OS DESAFIOS DA ABSTINÊNCIA
O principal passo para que os adultos consigam manter a restrição, mesmo em meio ao desgaste causado pelas “birras”, é investir no contato com a criança/adolescente, explica a professora do Instituto de Psicologia da Universidade Federal do Rio de Janeiro (UFRJ), Beatriz Sancovschi.
“Isso vai demandar tempo dos adultos, vai demandar outro tipo de atenção, outro tipo de engajamento na relação com seus filhos”, aponta a professora. Ela complementa que é exatamente nesta mudança de rotina que parece estar a maior dificuldade dos pais e responsáveis. “Muitas vezes nós não queremos que as crianças fiquem em contato com as telas, mas também não estamos disponíveis para experimentar com elas brincadeiras, passeios, outras formas de olhar o mundo.”
Mais de 95% das crianças e adolescentes entre nove e 17 anos usam a internet, de acordo com dados mais recentes da pesquisa TIC Kids Online, realizada pelo Comitê Gestor da Internet no Brasil. O número corresponde a 25,1 milhões de usuários. O levantamento revela ainda uma tendência crescente de uso da internet já na primeira infância, com 24% do total de crianças tendo realizado o primeiro acesso antes dos seis anos de idade.
De acordo com a Sociedade Brasileira de Pediatria (SBP), as novas mídias são alternativas para o preenchimento de vácuos deixados pelo abandono afetivo ou mesmo por pais ‘ultraocupados’, muitas vezes, com seus próprios celulares. Sancovschi explica que não há controle entre os mais novos se não houver limite entre os mais velhos. “Fica muito mais fácil pensar que temos que evitar que as crianças usem o celular sem olhar para a gente e pensar como nos relacionamos com todos esses dispositivos.”
A utilização de telas em excesso na infância e adolescência tende a gerar irritabilidade, ansiedade, depressão, transtornos do déficit de atenção e hiperatividade (TDAH), além de dificuldades para dormir e distúrbios alimentares, como obesidade e anorexia. É com base nestes impactos que o uso nas escolas também foi proibido nos intervalos.
“O recreio é o espaço público essencial da criança, onde ela se relaciona, brinca, se movimenta, aprende habilidades fundamentais, como colaboração, empatia, negociação, viver de acordo com regras, afeto. As crianças ficam isoladas, cada uma no seu celular, e isso é profundamente nocivo para todos”, explica o pediatra Daniel Becker.

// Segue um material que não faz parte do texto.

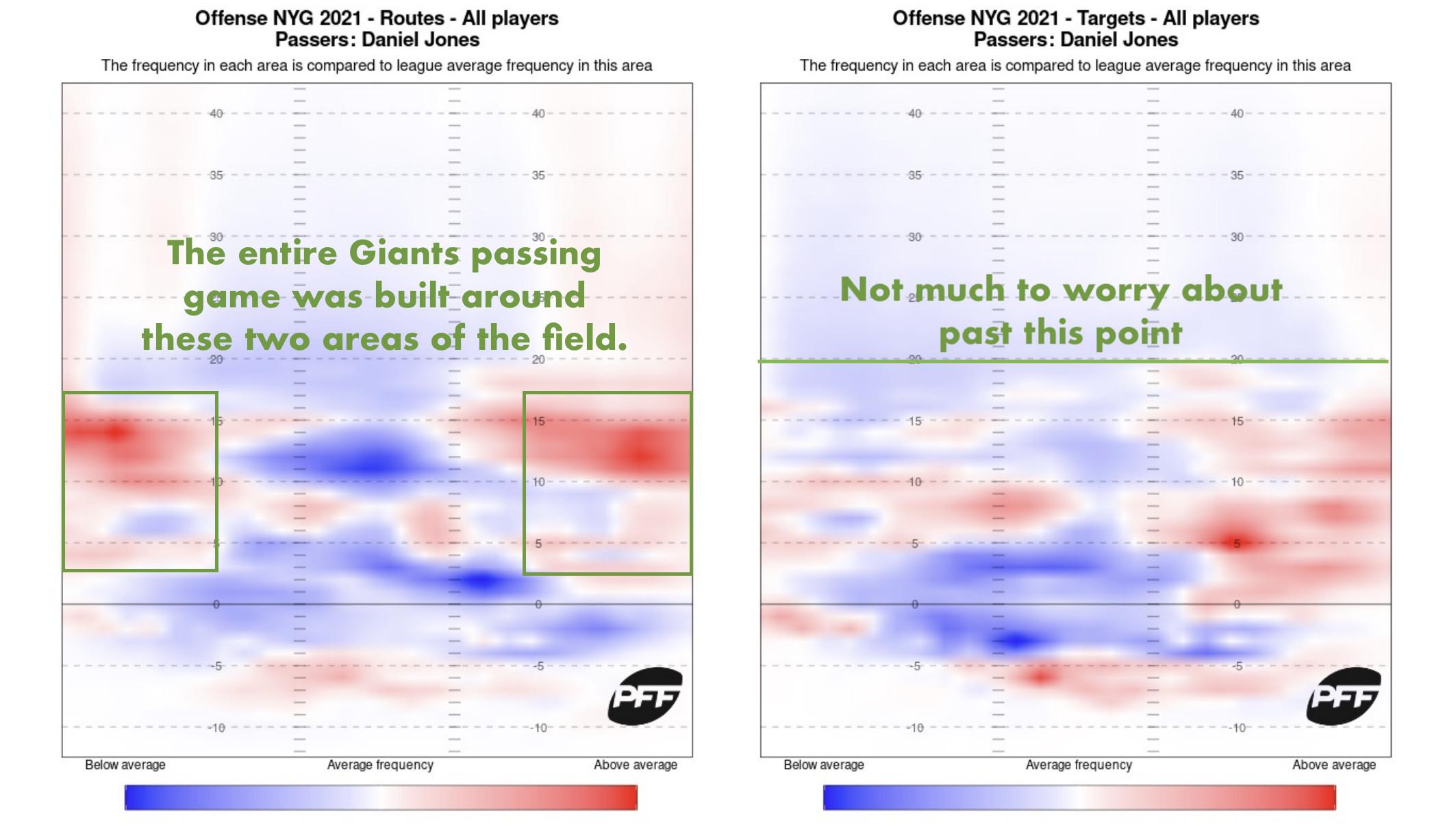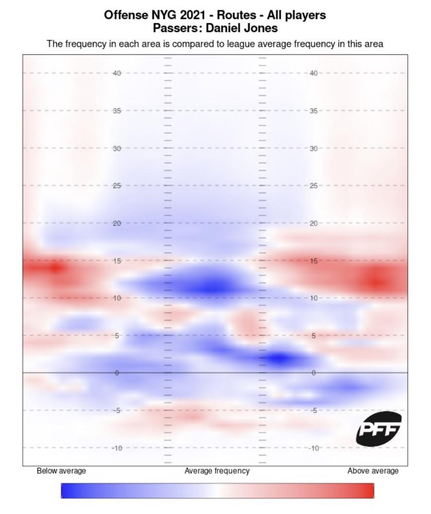 But as we covered earlier, the dearth of downfield shots was mostly a product of the offense. Only 6.6 percent of Jones’s passes traveled more than 20 yards downfield, for a rank of 37th out of 37 qualified passers, per PFF. Had Mike Glennon, who started four games for the Giants while Jones was out with a neck injury, thrown enough passes to qualify, he would have ranked 35th with a 7.8 percent rate. The Giants just didn’t produce the downfield opportunities. And if we revisit the heat map of the routes run for Jones in 2021, you can see why:

As consequências também podem ser físicas, segundo a SBP, entre elas: problemas visuais, como miopia e síndrome do olho seco; auditivos, devido à exposição a ruídos por tempo prolongado; e transtornos posturais e músculo-esqueléticos.
No entanto, Sancovschi alerta que o verdadeiro “vilão” não é o celular, mas sim o posicionamento dele como principal mediador entre a criança/adolescente e a realidade. “[O recomendado] é apostar na diversidade de relações, tanto relações interpessoais quanto relações com a natureza, com a tecnologia e com o mundo”, afirmou a psicóloga.
COMO MANTER A SEGURANÇA?
A Organização Mundial da Saúde (OMS) recomenda que crianças de até dois anos de idade não tenham qualquer contato com nenhum tipo de tela. Neste caso, a OMS aponta que os riscos incluem problemas no desenvolvimento neurológico e cognitivo e impacto em habilidades físicas. A partir dos dois anos, a recomendação é limitar de acordo com a idade e manter o olhar atento aos conteúdos visitados dentro e fora da internet.
Não há como erradicar os riscos do acesso a telas, afirma Beatriz Sancovschi. O melhor, portanto, é instruir as crianças sobre como utilizá-las. “Eu penso no uso das telas como quando a gente ensina a criança a andar na rua. Sempre vai ter algum perigo. O desafio é a gente pensar em como melhor podemos orientar e ajudar essa criança a ter recursos para enfrentar os perigos que podem vir”, afirmou a psicóloga da UFRJ.